[Date Prev][Date Next][Thread Prev][Thread Next][Date Index][Thread Index][Subject Index][Author Index]
Re: pteros have lift-off
Dave Peters wrote:
<Using the same criteria and model, I have a problem seeing Istiodactylus
leaping. Pectoral girdle smaller than half the size and not fused. Humerii
huge, okay. Massive antebrachium, okay. Wing finger, nearly three times longer
relative to torso. Big problem. It has to leap three times higher to follow the
same wing opening trajectory, whatever the lateral angle, on forelimbs no
larger than Q. and hindlimbs half the length relative to torso. So comparing
apples to apples, Istio needs a 3x larger effort on weaker equipment than
Quetz.>
I'm only going to posit here (note: I am not inclined to the nuts and bolts
of physics, so I can't extrapolate actual parameters) that the relative
required thrust to get a 50kg animal 10 feet up into the air versus a 250kg
animal 10 feet up will be different.
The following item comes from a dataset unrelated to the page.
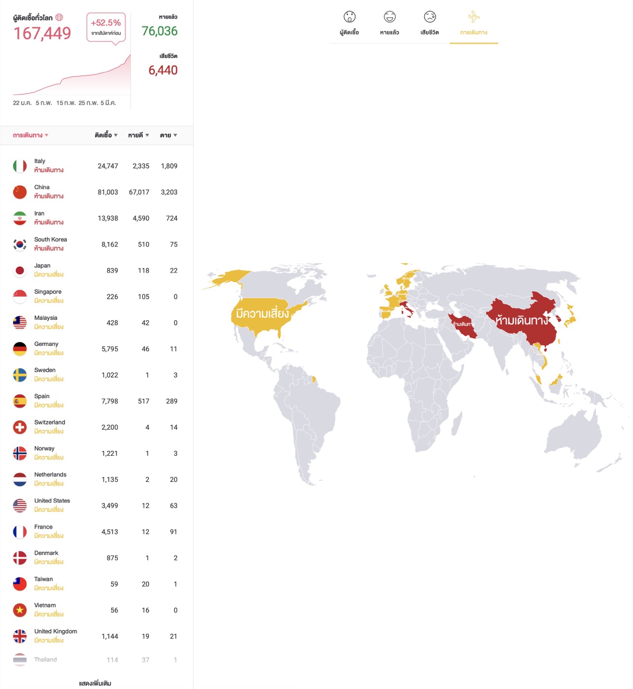 • ประเทศที่ห้ามเดินทางและประเทศเสี่ยง
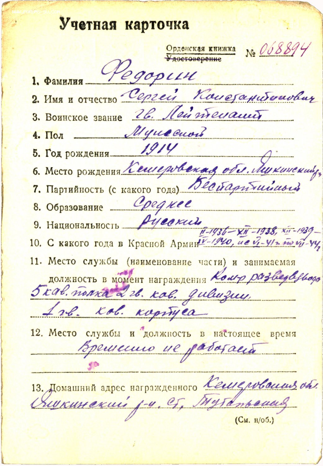 на кавалериста 1-го Гвардейского Кавалерийского корпуса генерала Белова, рейд по тылам противника с января по май 1942 г.

Without assuming the relative masses of
the animals involved here, the thrust to mass ratio is disproportionately in
*Istiodactylus*'s favor compared to *Quetzalcoatlus* sp. for the same action.
As such, Quetz will require more power to launch than will virtually any
smaller animal.
Note also here that as Jim and Mike have been saying, the feet are in fact of
less value in thrusting in quad-launch than are the arms, which provide the
main arm extension power. I would actually imagine *Istiodactylus*, and other
long-arm pterosaurs like *Arthurdactylus*, to have a much larger thrust
capability to their mass on launching than larger pterosaurs, and this may be
ecologically important.
I will also note that birds, despite being leg-launchers, possess highly
mobile shoulder apparati which function to change shape during the wing stroke,
such that having a unfused scapulocoracoid should not be neccessarily
restrictive of a quality in quad launching. But then, as I said, I am not
physically inclined.
Cheers,
Jaime A. Headden
"Innocent, unbiased observation is a myth." --- P.B. Medawar (1969)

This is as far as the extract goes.